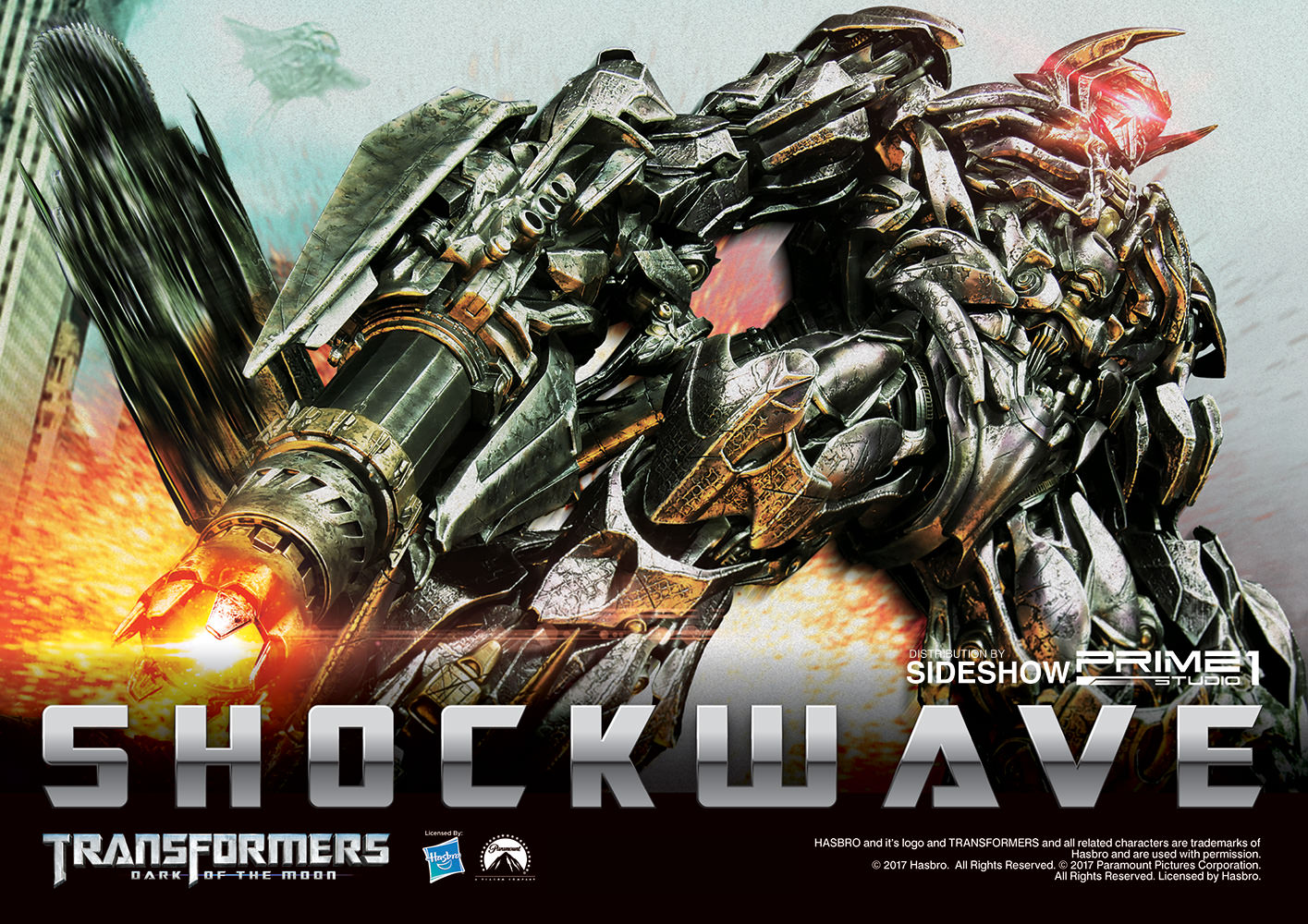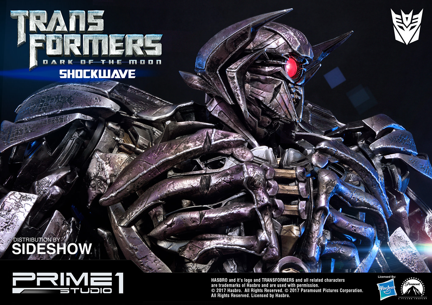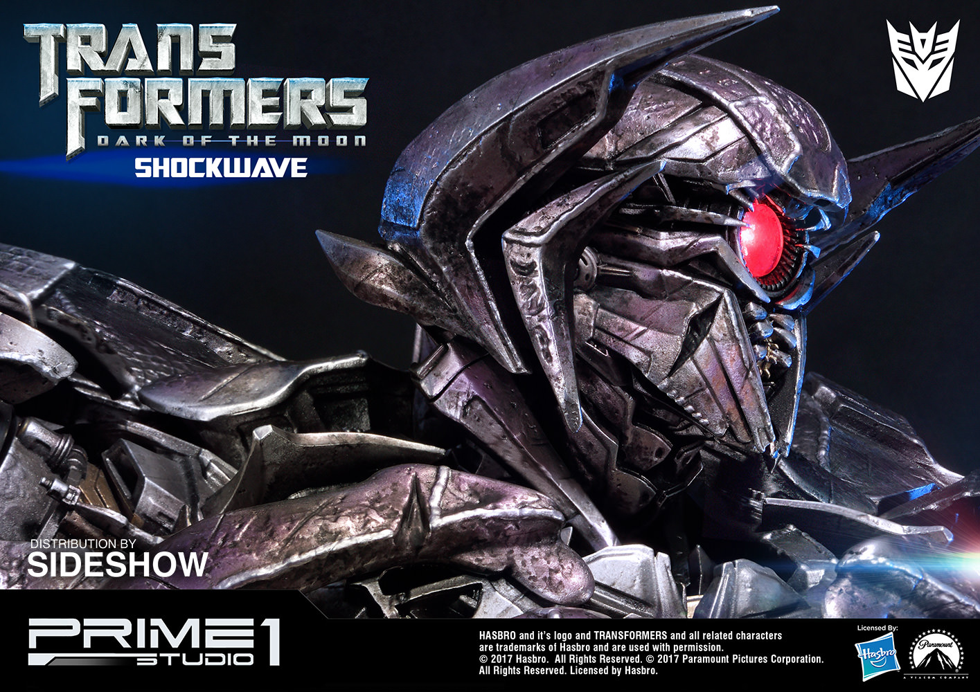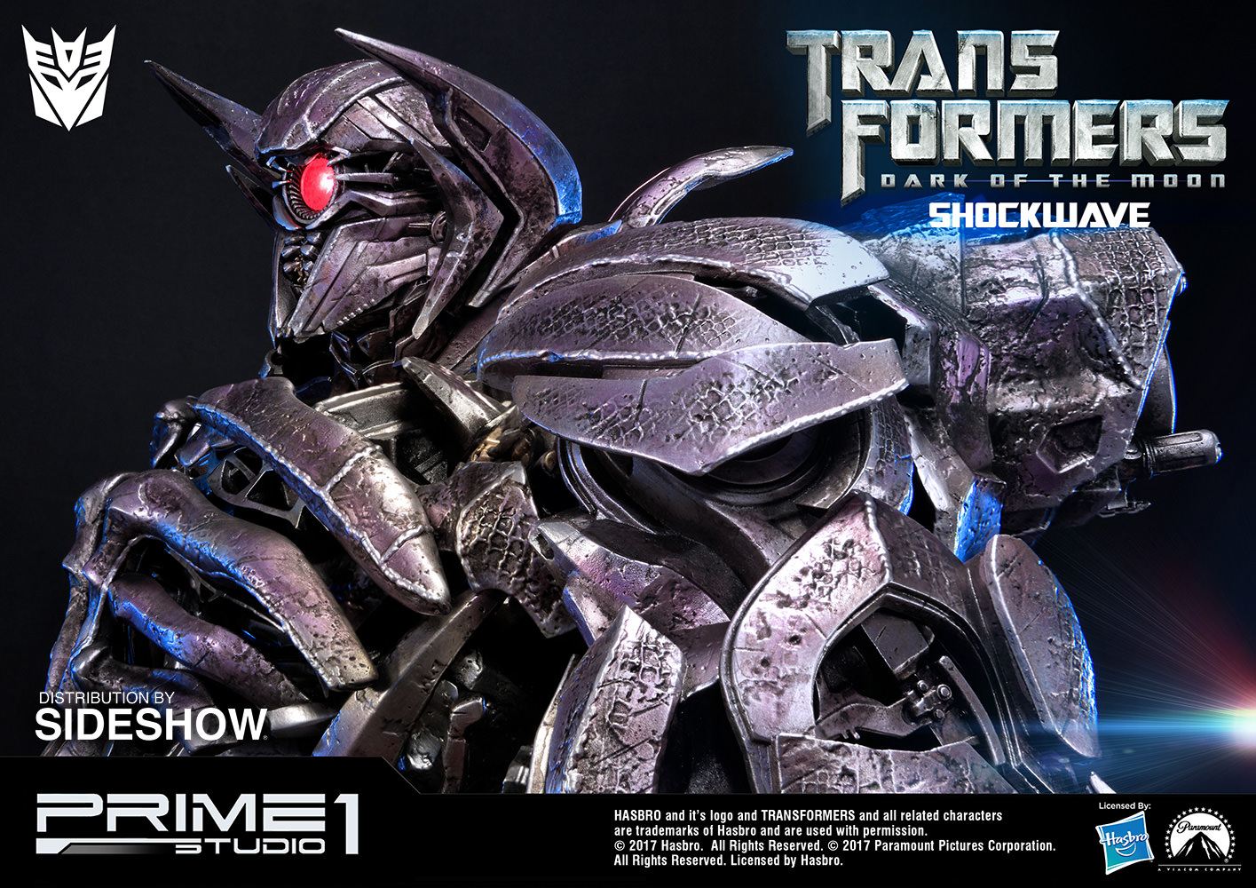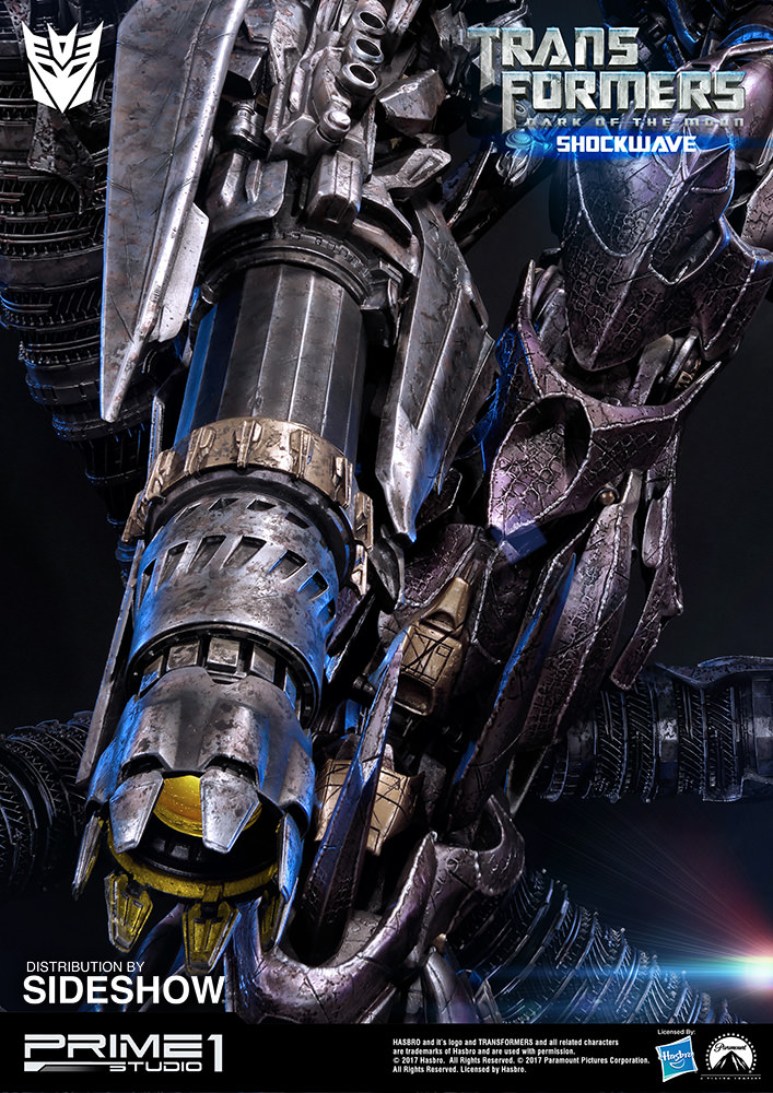 Shockwave Statue by Prime 1 StudioABOUT THIS STATUE“Emotionless, coldly logical, utterly ruthless... killing is all Shockwave lives for.”— Optimus PrimeSideshow and Prime 1 Studio are proud to present Shockwave from Transformers: Dark of the Moon. A peerless scientist with deadly efficiency and a cold devotion to logic, he is one of the very few who could rival Megatron. Shockwave is ready and willing to destroy the Autobots with his arm-mounted AstroMag Cannon.Don't miss your chance to own the most anticipated Decepticon Transformers Statue.LicenseTransformersTypeStatueManufacturerPrime 1 StudioWHAT'S IN THE BOX?The Shockwave Statue features:Stands approximately 37 inches tall LED functions in eye, cannon, and backADDITIONAL DETAILS & DIMENSIONSExpected to ShipJun 2018 - Aug 2018Item shown is a prototype. When shipped, the final production piece may differ in appearance.Product Size36.61 H (929.89mm) x 35.03 W (889.76mm) x 36.22 L (919.99mm)*Dimensional WeightTBDInt'l Dim. WeightTBD* Size and weight are approximate values.SKU902999UPC747720237209PRICE$2,699.99HASBRO and it's logo and TRANSFORMERS and all related characters are trademarks of Hasbro and are used with permission. © 2017 Hasbro. All Rights Reserved. © 2017 Paramount Pictures Corporation. All Rights Reserved. Licensed by Hasbro.
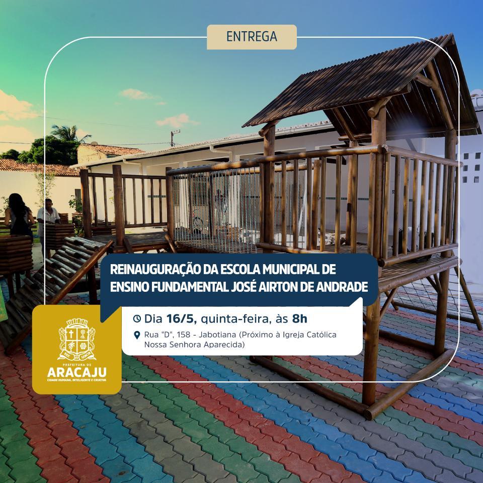 O prefeito Edvaldo Nogueira e a secretária municipal da Educação, Maria Cecília Tavares Leite, convidam a todos para a reinauguração da Escola Municipal de Ensino Fundamental (Emef) José Airton Andrade, solenidade que ocorrerá nesta quinta-feira, às 8h, na unidade de ensino, localizada na rua “D”, número 158, no bairro Jabotiana.
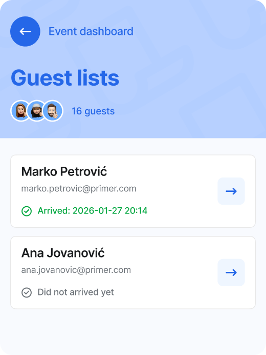 Everything you need for a clean invitation workflow - from sending to entrance validation.
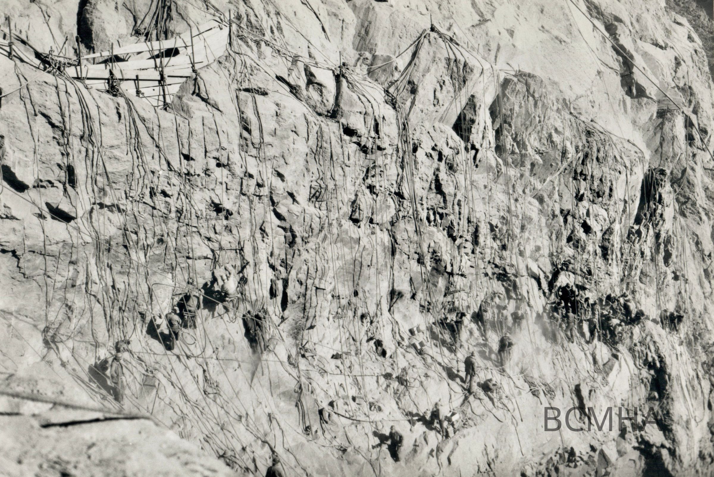 Hoover Dam construction: workers, 1932-33; "High scaling. Nevada side of the canyon; outlet works."; USBR photo; Copy Negative from Outside CollectionCollection
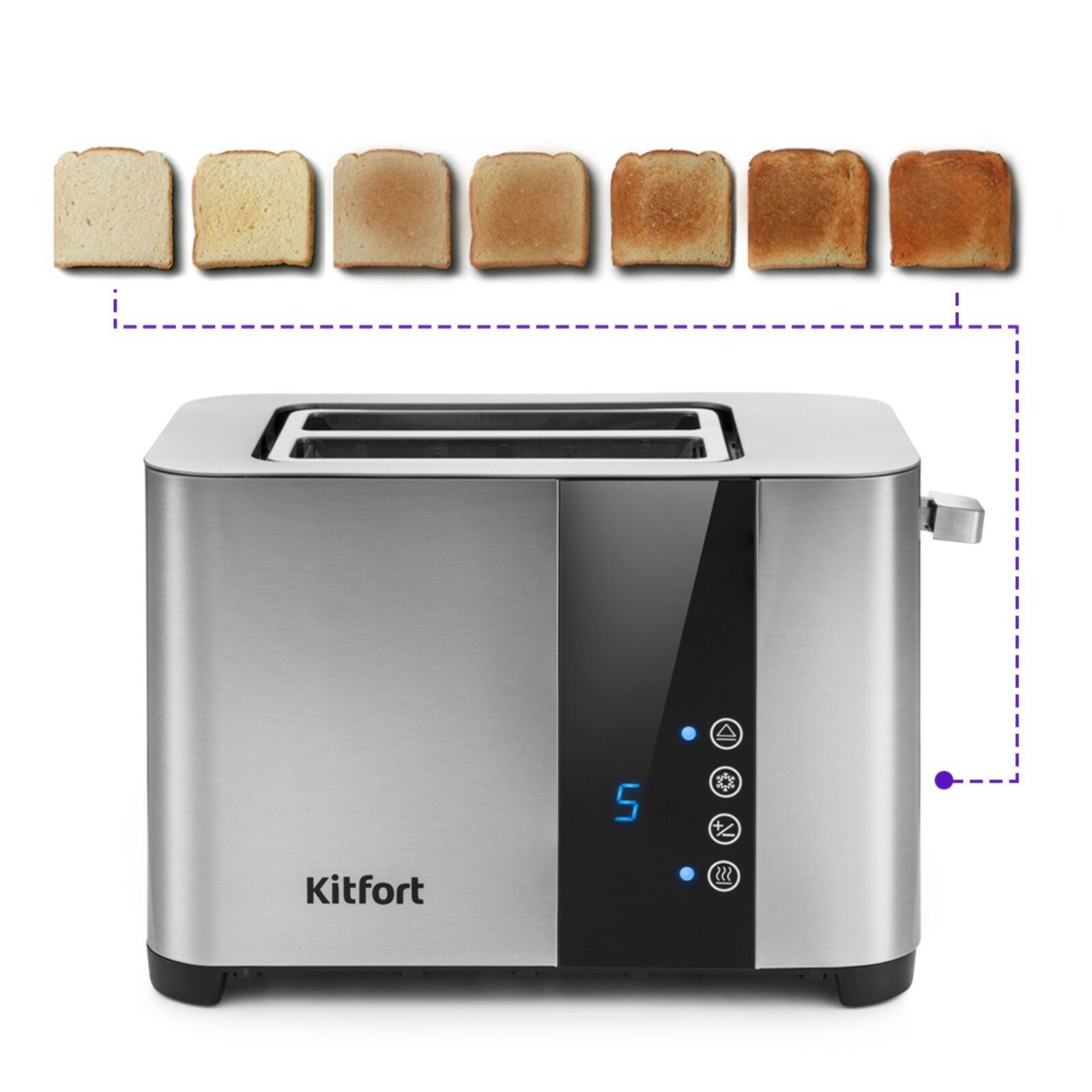 Тостер KITFORT KT-2047, 850 Вт, 2 тоста, 7 режимов, LED-дисплей, сталь, серебристый
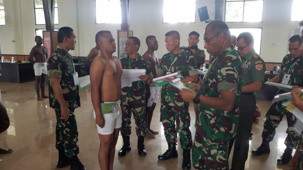 Pernyataan yang ditujukan kepada para anggota panitia seleksi tersebut, disampaikan Pangdam XVIII/Kasuari selaku ketua, usai melakukan pengecekan dan penilaian langsung terhadap 44 orang Putra Daerah Asli Papua dalam Sidang Pemilihan Calon Bintara (Caba) Prajurit Karier (PK) Pedalaman TNI AD Tahun Anggaran (TA) 2019, Sub Panitia Pusat (Sub Panpus) Kodam XIII/Kasuari, Senin (26/8/2019) di Aula Markas Kodam (Makodam), Manokwari, Papua Barat.
==*==
*EXERCISE REQUIREMENTS*
Within the entries above, the lines from the one with "Hoover Dam construction: workers, 1932-33;" through the final line are to be printed exactly, with the pictures removed.

*TASK OUTPUT*
 Hoover Dam construction: workers, 1932-33; "High scaling. Nevada side of the canyon; outlet works."; USBR photo; Copy Negative from Outside CollectionCollection
 Тостер KITFORT KT-2047, 850 Вт, 2 тоста, 7 режимов, LED-дисплей, сталь, серебристый
 Pernyataan yang ditujukan kepada para anggota panitia seleksi tersebut, disampaikan Pangdam XVIII/Kasuari selaku ketua, usai melakukan pengecekan dan penilaian langsung terhadap 44 orang Putra Daerah Asli Papua dalam Sidang Pemilihan Calon Bintara (Caba) Prajurit Karier (PK) Pedalaman TNI AD Tahun Anggaran (TA) 2019, Sub Panitia Pusat (Sub Panpus) Kodam XIII/Kasuari, Senin (26/8/2019) di Aula Markas Kodam (Makodam), Manokwari, Papua Barat.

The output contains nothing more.